**DATA PROVIDED:**
::::::::::
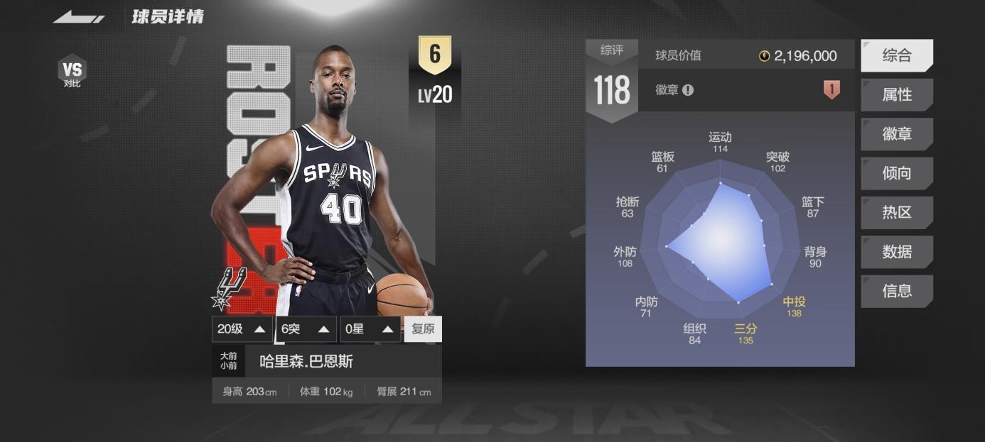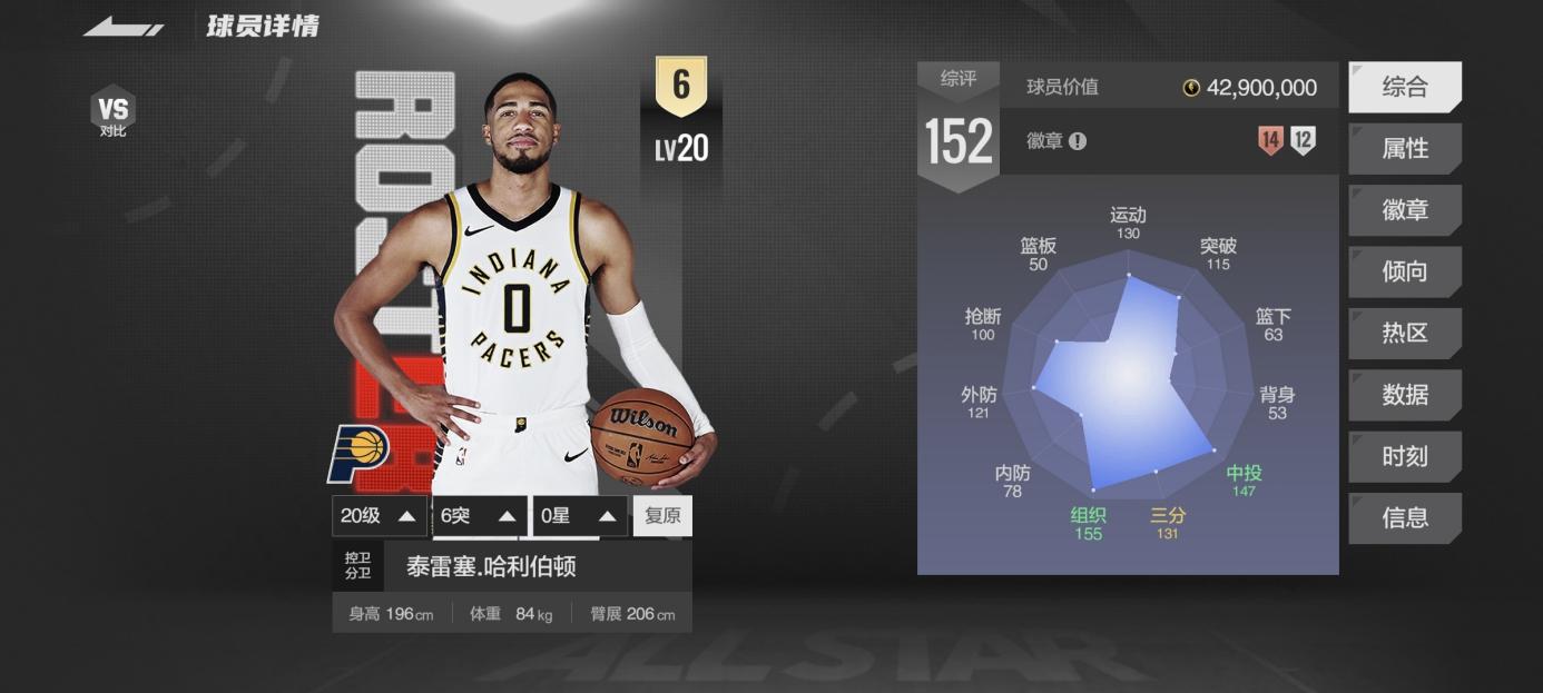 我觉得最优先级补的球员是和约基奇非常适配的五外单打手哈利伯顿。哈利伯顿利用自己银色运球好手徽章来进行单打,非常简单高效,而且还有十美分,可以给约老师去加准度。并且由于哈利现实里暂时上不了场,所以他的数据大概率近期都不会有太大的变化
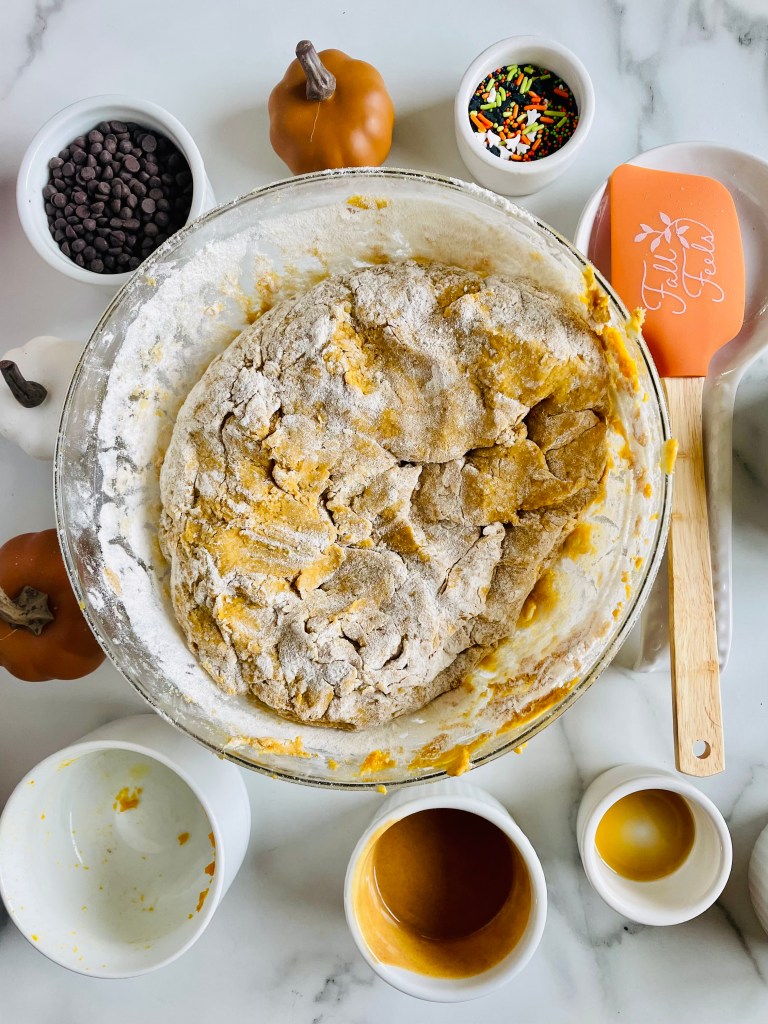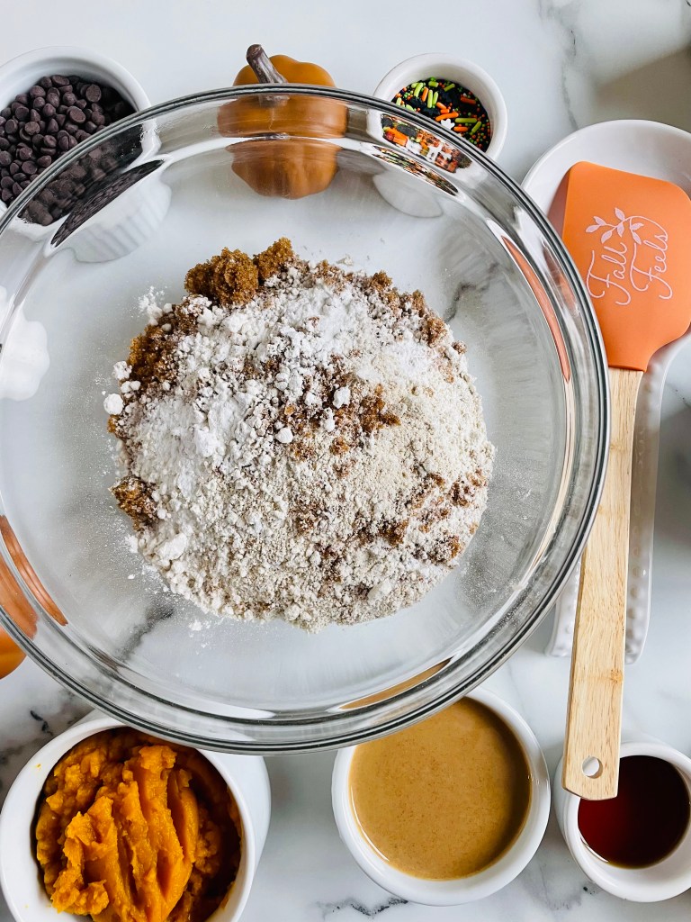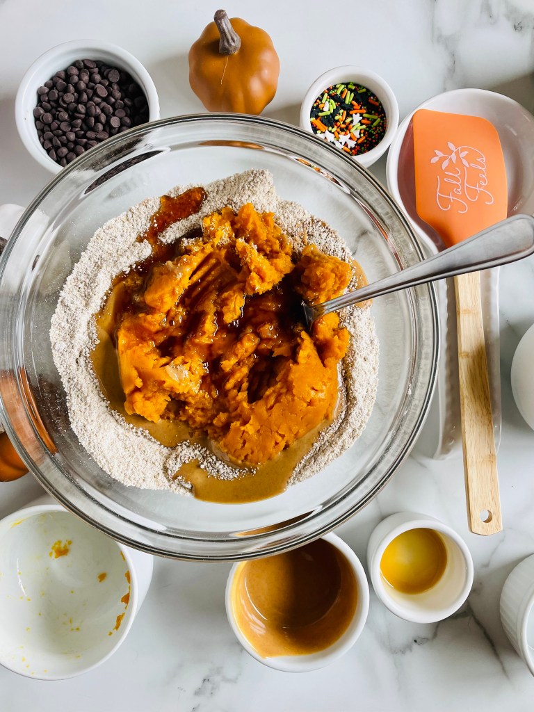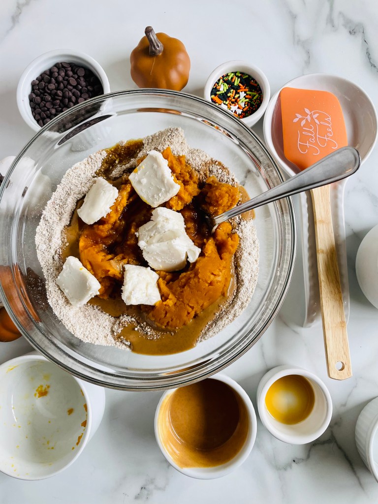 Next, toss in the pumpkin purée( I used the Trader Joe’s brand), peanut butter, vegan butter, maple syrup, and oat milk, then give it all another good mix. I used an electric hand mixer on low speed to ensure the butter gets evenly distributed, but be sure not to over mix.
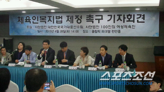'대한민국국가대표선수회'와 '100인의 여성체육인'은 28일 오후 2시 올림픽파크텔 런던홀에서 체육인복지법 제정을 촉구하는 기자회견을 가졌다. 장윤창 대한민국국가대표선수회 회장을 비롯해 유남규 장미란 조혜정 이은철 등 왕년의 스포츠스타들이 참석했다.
::::::::::
**EXERCISE GOAL:** Retype nothing except the lines from the first line of the listing above through the line with "Next, toss in", exactly as they stand, and no pictures.

**RESPONSE BOX:**
 我觉得最优先级补的球员是和约基奇非常适配的五外单打手哈利伯顿。哈利伯顿利用自己银色运球好手徽章来进行单打,非常简单高效,而且还有十美分,可以给约老师去加准度。并且由于哈利现实里暂时上不了场,所以他的数据大概率近期都不会有太大的变化
 Next, toss in the pumpkin purée( I used the Trader Joe’s brand), peanut butter, vegan butter, maple syrup, and oat milk, then give it all another good mix. I used an electric hand mixer on low speed to ensure the butter gets evenly distributed, but be sure not to over mix.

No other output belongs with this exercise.